1. Sugar decreases your production of white blood cells. they are important for fighting germs. perhaps this is one reason why at Christmas so many of us get colds.
2.  Plastics in the microwave produce dioxins that are carcinogenic. Use glass.
3.  30 Grams of fiber a day and 5-7 fruits and vegetables. Avacados have 10 grams fiber and are the good fat.
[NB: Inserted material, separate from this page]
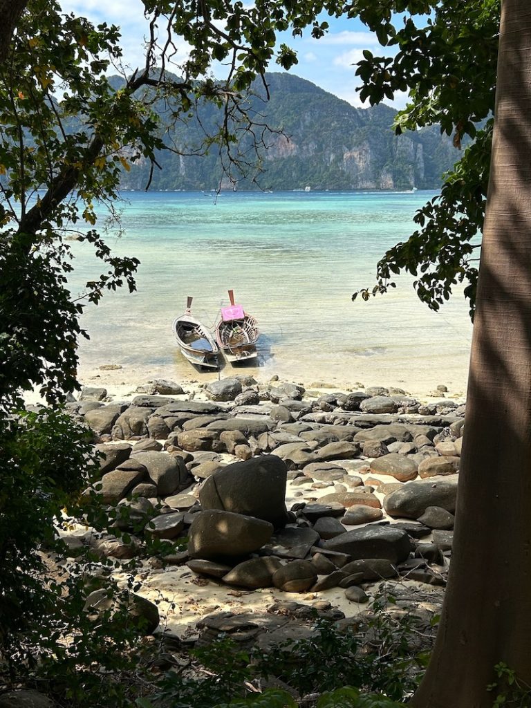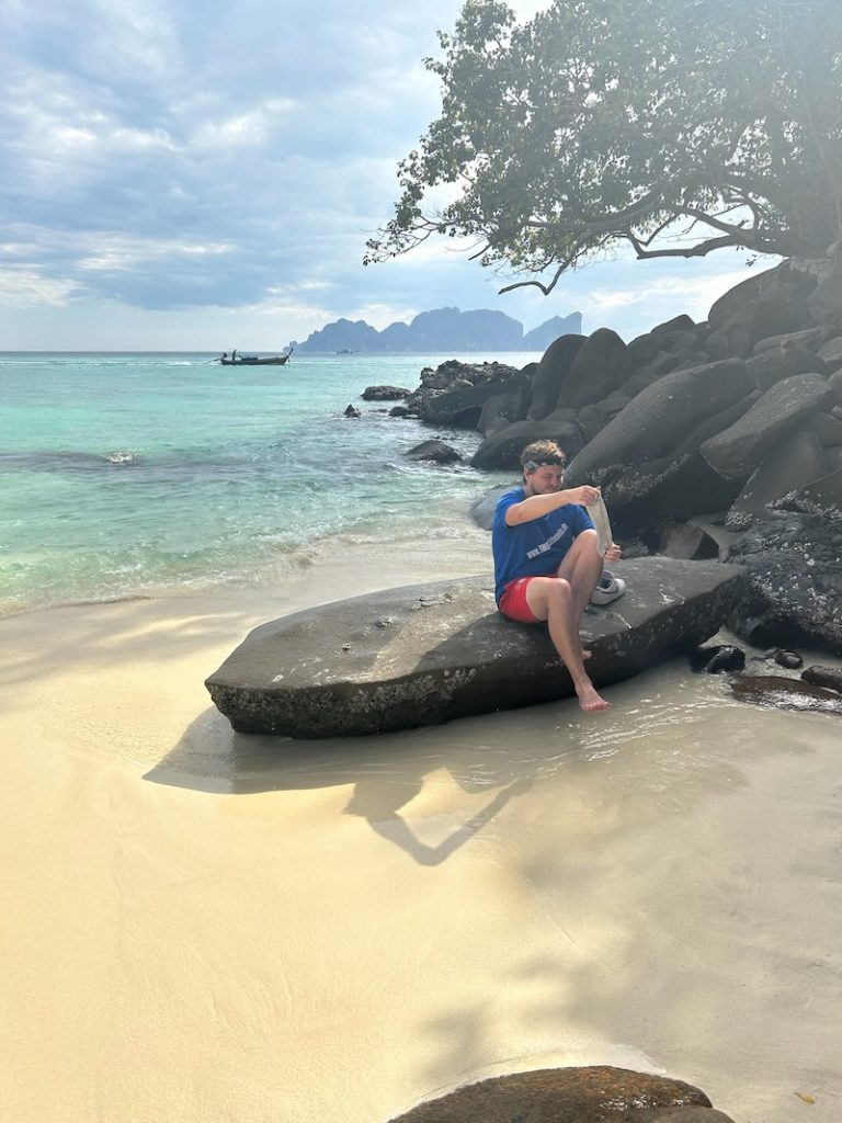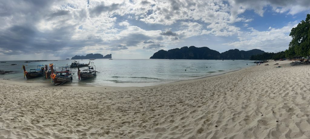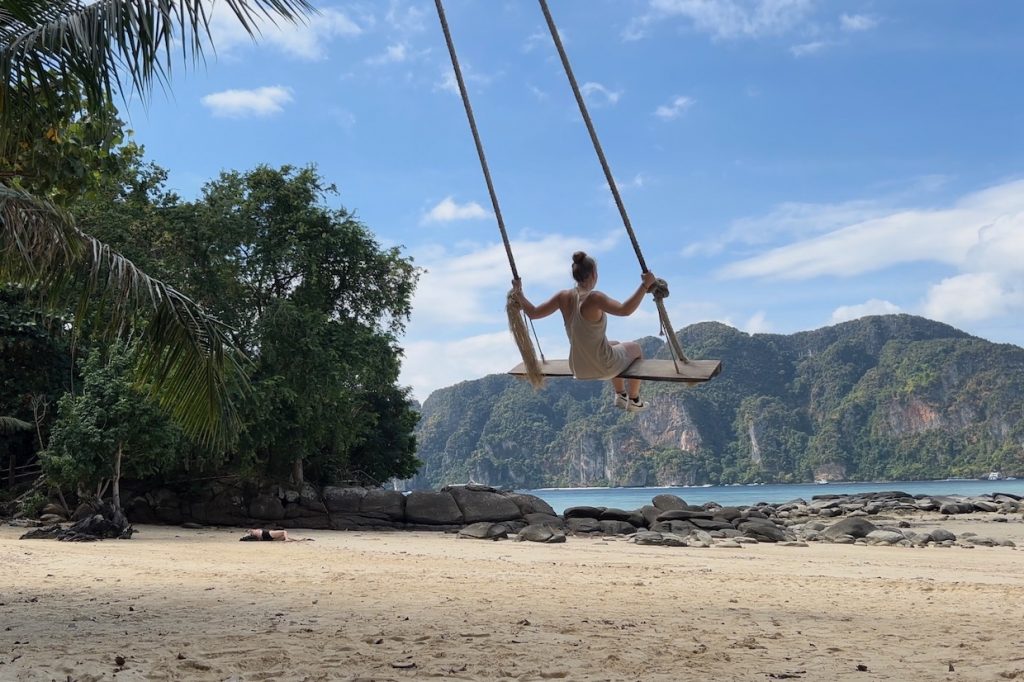 An diesem Morgen ging es zum Long Beach. Bevor wir gestartet sind, haben wir uns bei dem Restaurant vom Vortag am Wasser wieder ein fettes Frühstück geholt. Dann ging es an der Küste entlang über den Love Beach und Viking Beach (mit einer riesigen Schaukel) zum Long Beach. Dort sind wir ins Wasser gegangen und Talea hat es sich nicht nehmen lassen, zum Shark Point zu schwimmen/tauchen, was wir bei der Boots Tour noch ausgelassen hatten. Leider ohne einen kleinen Hai sehen zu können.

Pinto , Kidney , white beans, lentils are all high in fiber . I open a can and put them in spaghetti, on wraps, I tuck them in lots of places.Buy the cans at a health food store to find saltless and preservative free.
4.  oatmeal and Oatbran are the best grain for soaking up cholesterol and fat and sweeping it out of you.
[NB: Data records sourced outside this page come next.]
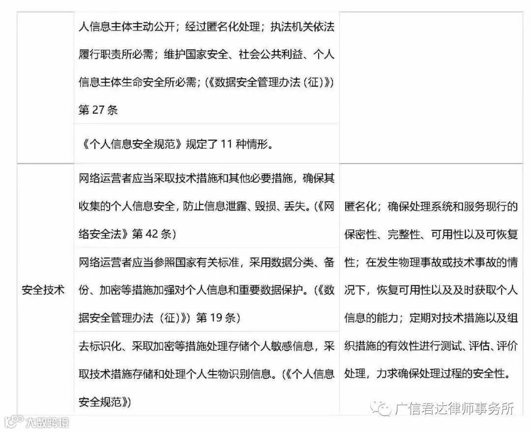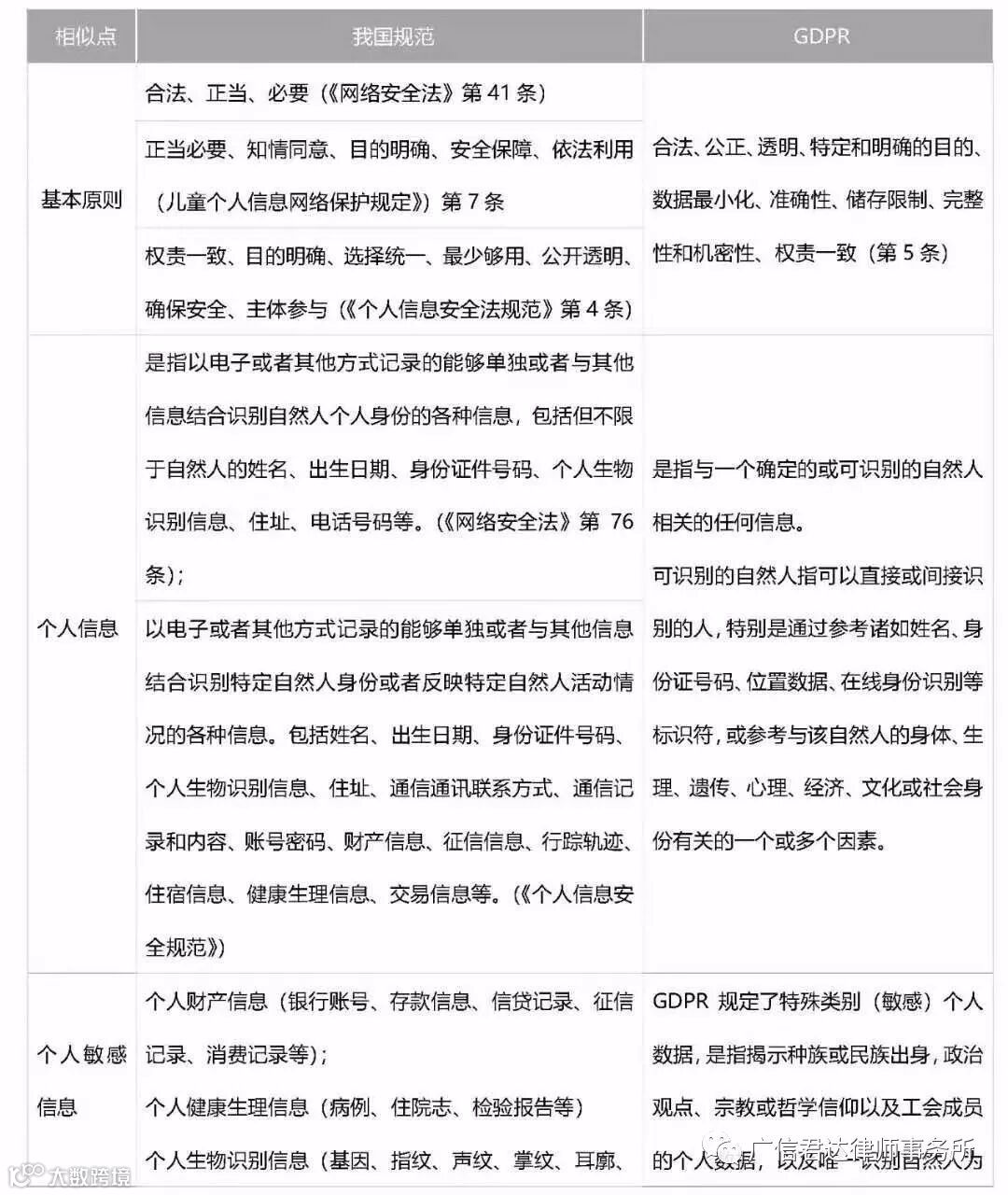 GDPR出台和我国掀起的立法高潮时间点都在大数据和人工智能快速发展的大背景下,经过梳理,我国规范与GDPR规则在基础规则方面大体一致: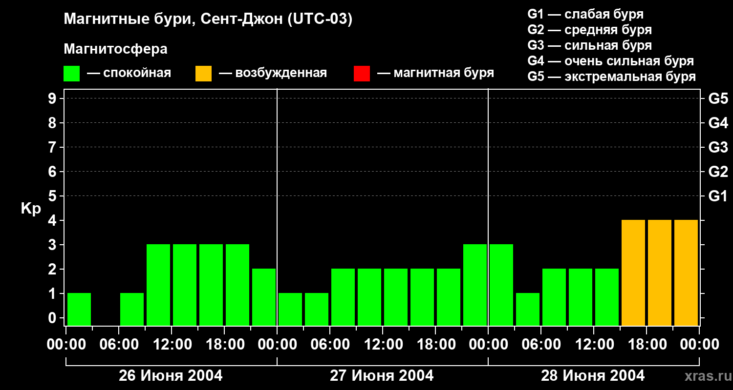 Магнитные бури в Сент-Джоне 28 июня 2004 года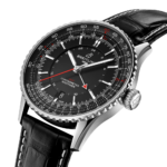 Les Navitimer Automatic et Automatic GMT 41 simplifient son style légendaire en supprimant le chronographe sans toutefois altérer l’équilibre du cadran. La position centrale de l’échelle 24 heures sur le cadran clair de la GMT et de l’Automatic permet de mettre en valeur la règle à calcul circulaire tout en affinant l’esthétique de la montre. Pour perfectionner la collection, la lunette crantée a été intégrée et apporte une touche contemporaine. Une alternance de finitions polies et brossées crée aussi un jeu de lumière dynamique. Les bracelets en cuir d’alligator, munis d’une boucle déployante papillon harmonieuse, offrent confort et aisance. La gamme propose des cadrans colorés, entourés d’acier inoxydable ou d’or rouge 18 carats.
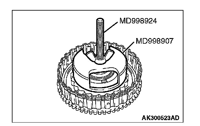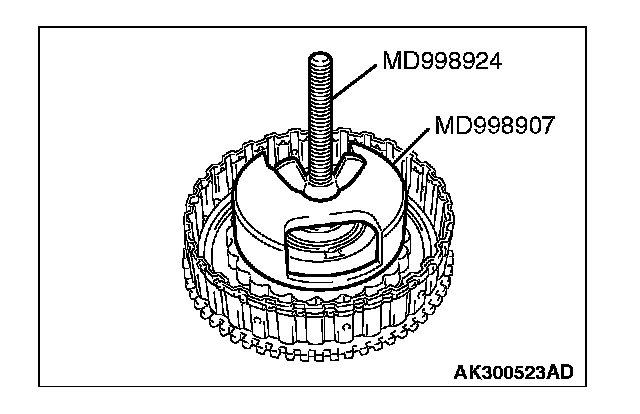 1. Set special tools MD998907 and MD998924 as shown in the illustration.

5.  Read diet labels, if they contain Aspartame stay clear, when it hits the heat of your body, it becomes Neurotoxic, can cause headaches and memory dysfunction. etc.
6.  handwashing is your # 1 defense against germs!
7.If you are a big candle burner, Stay away from petroleum based candles,which is most.  Look for Soy candles which burn clean and are not neurotoxic.
8.  Fluoride has been a target of studies recently, noted in our water and toothpaste.  It inhibits the absorption of Iodine in the body.  This causes the thyroid not to produce it's necessary hormones as well.  Do you want your hormones messed with? not me.  Drink filtered water as much as possible.
9.  Do you have bumps on your triceps and around the sides of your arms. This can be a yeast problem.  I suggest cutting sugar and breads (starch), and going to walmart and buying "Azo" supplement(cheap).  Grapeseed extract and olive leaf extract will also help.
10.  Read labels on foods. choose a brand that has less salt, no preservatives.
11. Anybody need help to lower blood pressure?  or Lose weight? The next blog will cover this.
12.  Ever noticed the triangle at the bottom of plastic containers of all types. with a number in it? Only a number 2 or 4 seems to be acceptable in my book.  The other number's all leach carcinogenic agents if bent up.  Never reuse plastic bottles. The slightest damage to the bottle can cause the release of the chemical they are made of , which is carcinogenic. Never heat plastic anything , never in the dishwasher, even that heat releases chemicals not healthy.  GO GLass or look for "BPA' free. BPA = Bisphenol A, a synthetic chemical that messes with our hormones. (Increased cancer risk).Can't stand to see 2 Litres outside convenience stores in the sun! Now you know the "rest of the story".
13. Okay, enough for first day.  Stay tuned for future blogs!!!  Love, Susie Q

Sunday, August 15, 2010

Hello friends

Fred is helping me create a simple place where I can write any health tips that I wish my friends could read.  I have a passion for living healthy, especially eating healthy.   I will be sharing my tips on this blog with hopes that my friends will benefit .  Postings to follow soon.